=== Begin Enclosure ===

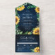 Invitation Tout En Un Tournesols rustiques Mariage bleu marine
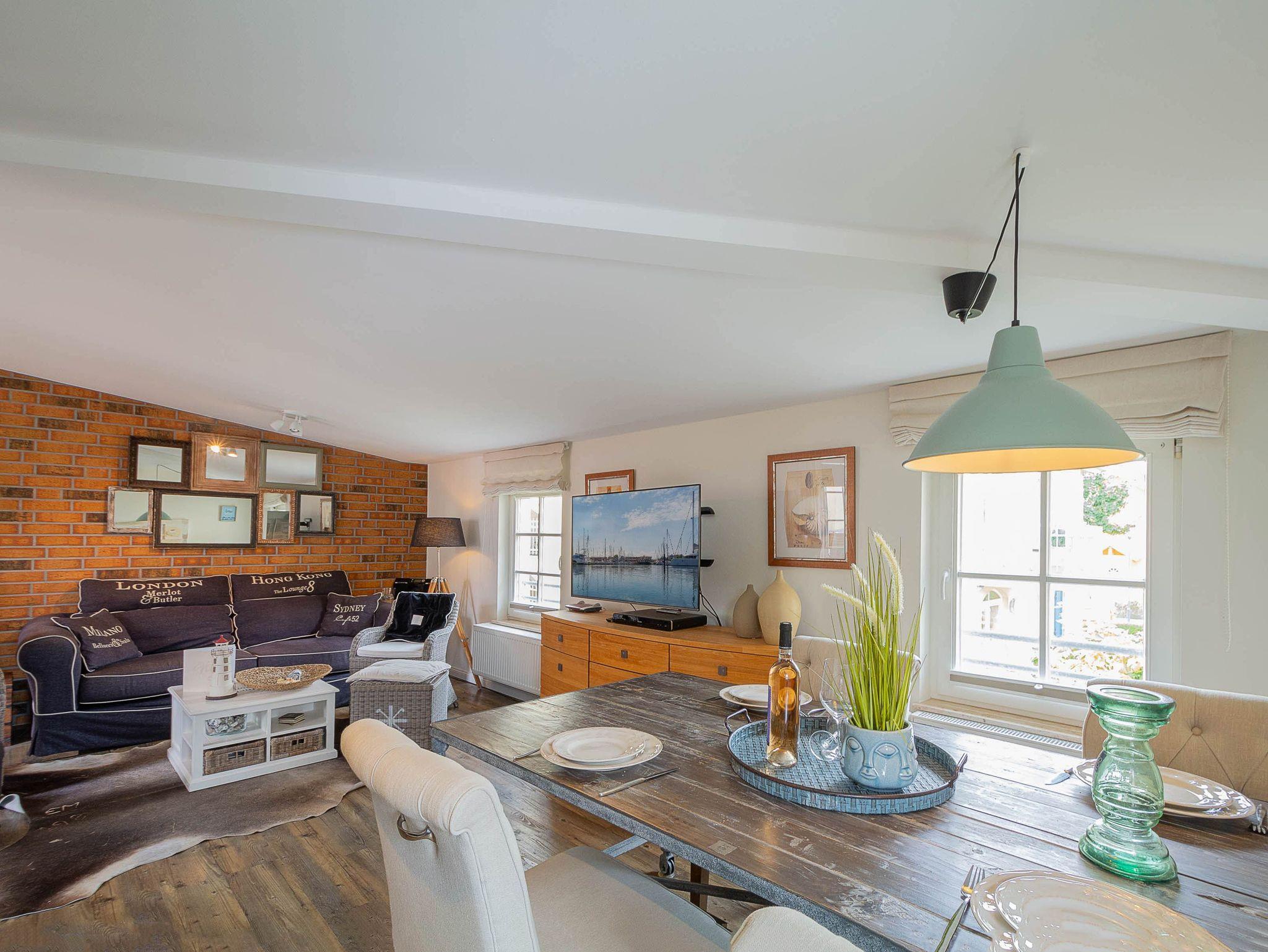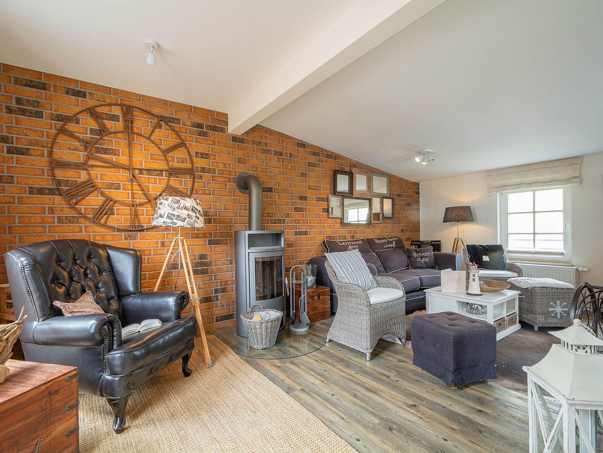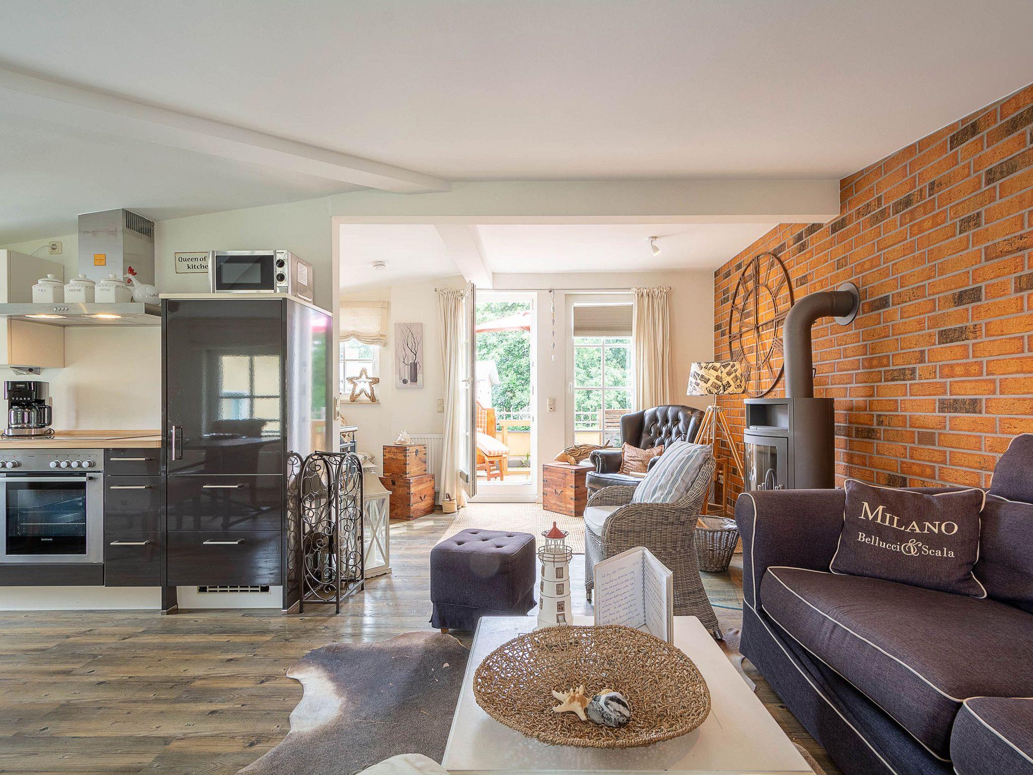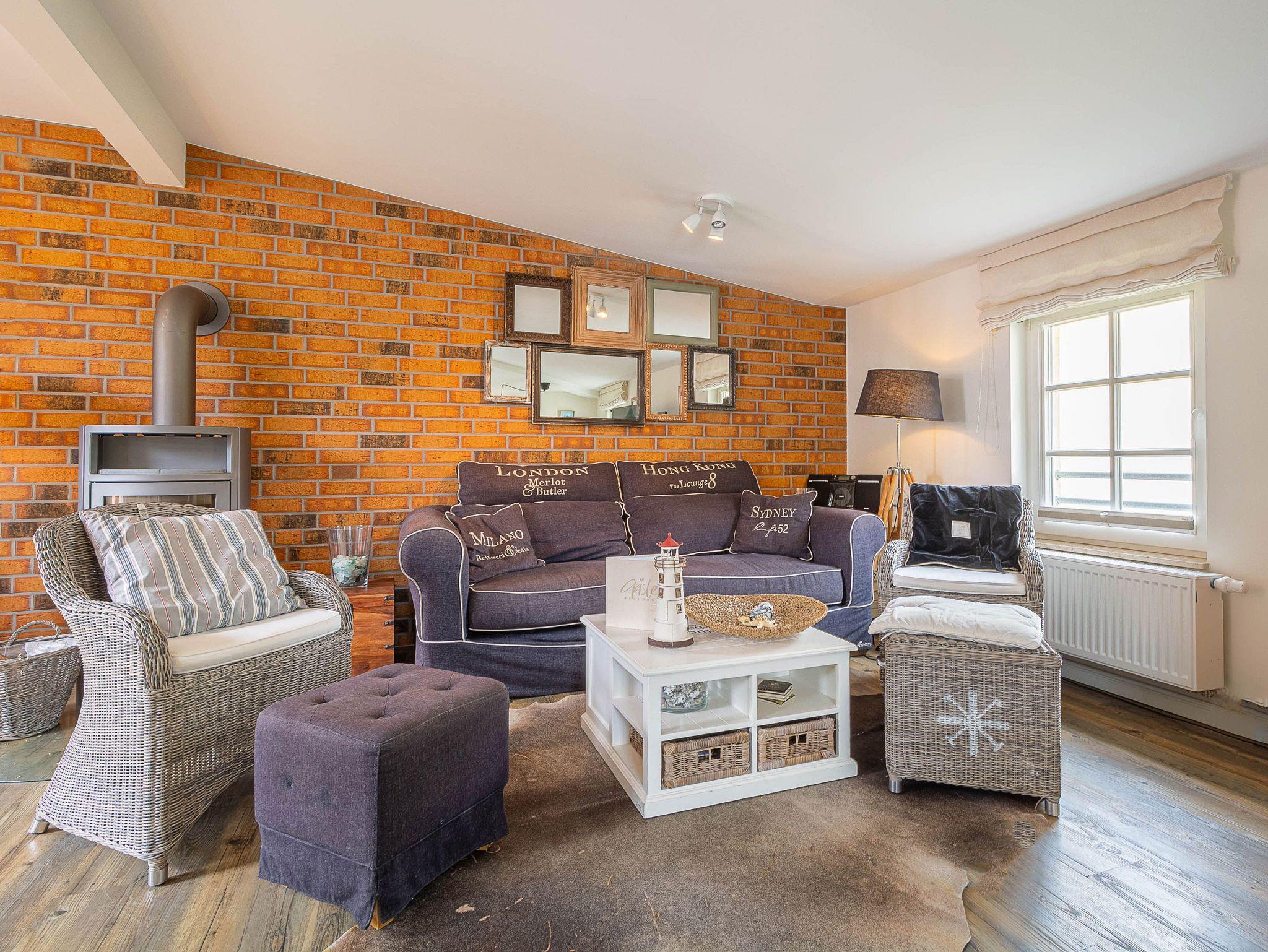 Der stilvoll und gleichzeitig funktional eingerichtete Wohnraum im 1. Obergeschoss wird mit seinem Kamin und einer Schlafcouch zu einem gemütlichen Treffpunkt nach einem erlebnisreichen Tag am Strand. In diesen lichtdurchfluteten Raum ist eine Küchenzeile mit Komplettausstattung für die Selbstversorgung integriert. Die Küchenzeile ist ausgestattet mit Kühl/Gefrierkombination, Herd, Geschirrspüler, Kaffeemaschine, Wasserkocher, Toaster usw. Erholung pur erwartet den Urlauber dieses Feriendomizils auf dem Balkon mit Ostausrichtung. Gästen dieser Ferienwohnung steht kostenloses WLAN zur Verfügung (ohne Rechtsanspruch).
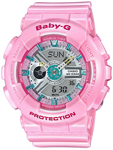 【 BABY-G 】アクティブな女性のためのカジュアルウオッチBABY-Gから、ガーリーとクールを兼ねそろえたモデルが登場。ベースモデルは、メンズライクなデザインが人気のBA-110。甘くなりがちなパステルカラーをケースとバンドに採用しながらも、文字板にメタリックなマルチカラーのパーツデザインを使用することで個性が引き立つカラーリングに仕上がりました。また、ケースとバンドにはパール仕上げを採用し、華やかさを追加。ガーリーなトレンドカラーの中にもクールさを兼ねそろえたBABY-Gです。●耐衝撃構造●10気圧防水機能●ワールドタイム 世界48都市(29タイムゾーン、サマータイム設定機能付き)+UTC(協定世界時)の時刻表示●ストップウオッチ 1/100秒、24時間計、スプリット付き●タイマー セット単位:1分、最大セット:24時間、1秒単位で計測●時刻アラーム5本・時報 アラーム:1本のみスヌーズ機能付き●フルオートカレンダー●12/24時間制表示切替●操作音ON/OFF切替機能●LEDライト 残照機能付き●電池寿命:約2年 / ■精 度:平均月差 ±30秒■ケース/ベゼル材質:樹脂■ガラス:無機ガラス■バンド:樹脂■サイズ:46.3×43.4mm■厚 さ:15.8mm■重 さ:45g■腕周り:125~180mm / 【国内正規品】※時計に組み込まれている電池は動作確認用のモニター用電池です。Feature
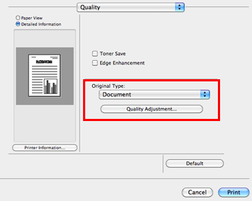In [Original Type:] in [Quality], select the optimum original type mode for the original.
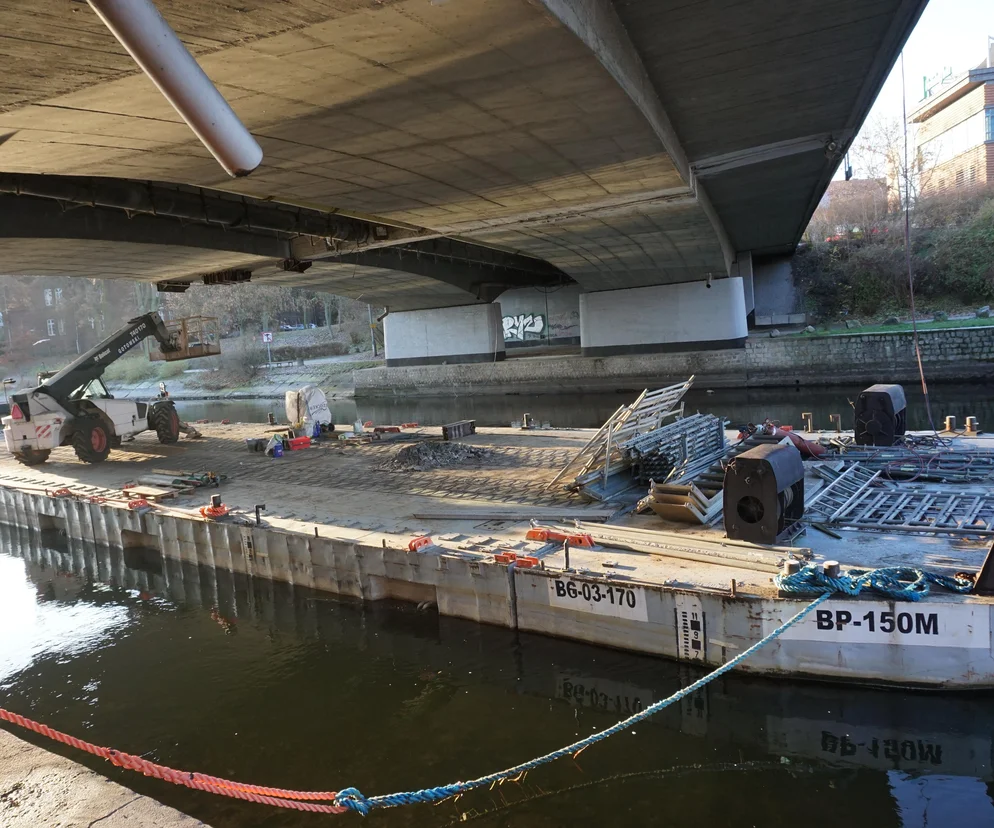 Prace trzeba przeprowadzić także od spodu przęsła, dlatego od 6 listopada przy Brdzie zacumowała barka, która umożliwia dostęp do konstrukcji w rejonie przegubów.
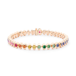 Faberge Colours of Love Cosmic Curve 18ct Rose Gold Rainbow Gemstone Tennis Bracelet - 3502 (FBR-758)
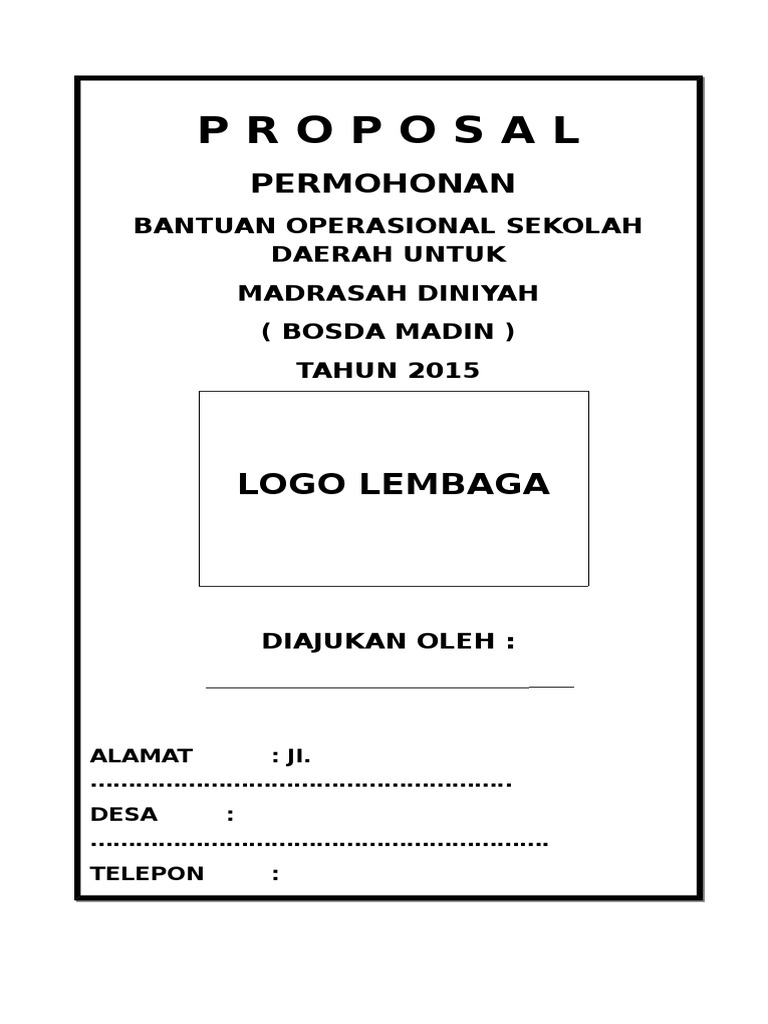 Contoh proposal pengajuan dana bosda. PROPOSAL BANTUAN DANA PERMOHONAN BANTUAN DANA PENDIDIKAN PEMERINTAH PROVINSI KEPULAUAN RIAU SEKOLAH TINGGI TEKNOLOGI INDONESIA TANJUNGPINANG PERMOHONAN BANTUAN DANA PENDIDIKAN PEMERINTAH PROVINSI KEPULAUAN RIAU 1.Latar Belakang Tujuan nasional sebagaimana tercantum dalam Pembukaan Undang- Undang Dasar 1945 adalah untuk melindungi segenap bangsa Indonesia dan seluruh tumpah darah Indonesia, dan ... NO URUT PROPOSAL PENGAJUAN DANA BOS DAERAH 92 KABUPATEN BOGOR 2016 YAYASAN DARUSSALAM Alamat Jalan Raya Caringin KM. 1 Kampung Curug Dengdeng RT. 02/03 Desa Caringin Kecamatan Caringin Kabupaten Bogor 16730 Nomor proposal bosda tahun 2015 Assalamualaikum Wr.Wb. Pemberian Hibah Dana Pendampingan Bantuan Operasional Sekolah (BOS) bertujuan untuk mewujudkan sekolah murah pada SD/SDLB/MI dan SMP/SMPLB/MTs di Kabupaten Grobogan, serta untuk meringankan beban masyarakat terhadap pembiayaan pendidikan dalam rangka wajib belajar 9 tahun yang bermutu. Contoh proposal pengajuan dana bosda . Analisis hasil belajar kurikulum 2013 format microsoft word revisi 2016. 1 kampung curug dengdeng rt. Contoh proposal bosda 2016. Dalam pembuatan proposal tentunya kita membutuhkan contoh yang baik dan benar agar proposal yang kita buat juga benar dan akan di terima oleh pihak yang dituju. ...

=== End Enclosure ===

The answer is the lines above, word for word, from the first one through the one containing "Der stilvoll und"; it includes no pictures.

 Invitation Tout En Un Tournesols rustiques Mariage bleu marine
 Der stilvoll und gleichzeitig funktional eingerichtete Wohnraum im 1. Obergeschoss wird mit seinem Kamin und einer Schlafcouch zu einem gemütlichen Treffpunkt nach einem erlebnisreichen Tag am Strand. In diesen lichtdurchfluteten Raum ist eine Küchenzeile mit Komplettausstattung für die Selbstversorgung integriert. Die Küchenzeile ist ausgestattet mit Kühl/Gefrierkombination, Herd, Geschirrspüler, Kaffeemaschine, Wasserkocher, Toaster usw. Erholung pur erwartet den Urlauber dieses Feriendomizils auf dem Balkon mit Ostausrichtung. Gästen dieser Ferienwohnung steht kostenloses WLAN zur Verfügung (ohne Rechtsanspruch).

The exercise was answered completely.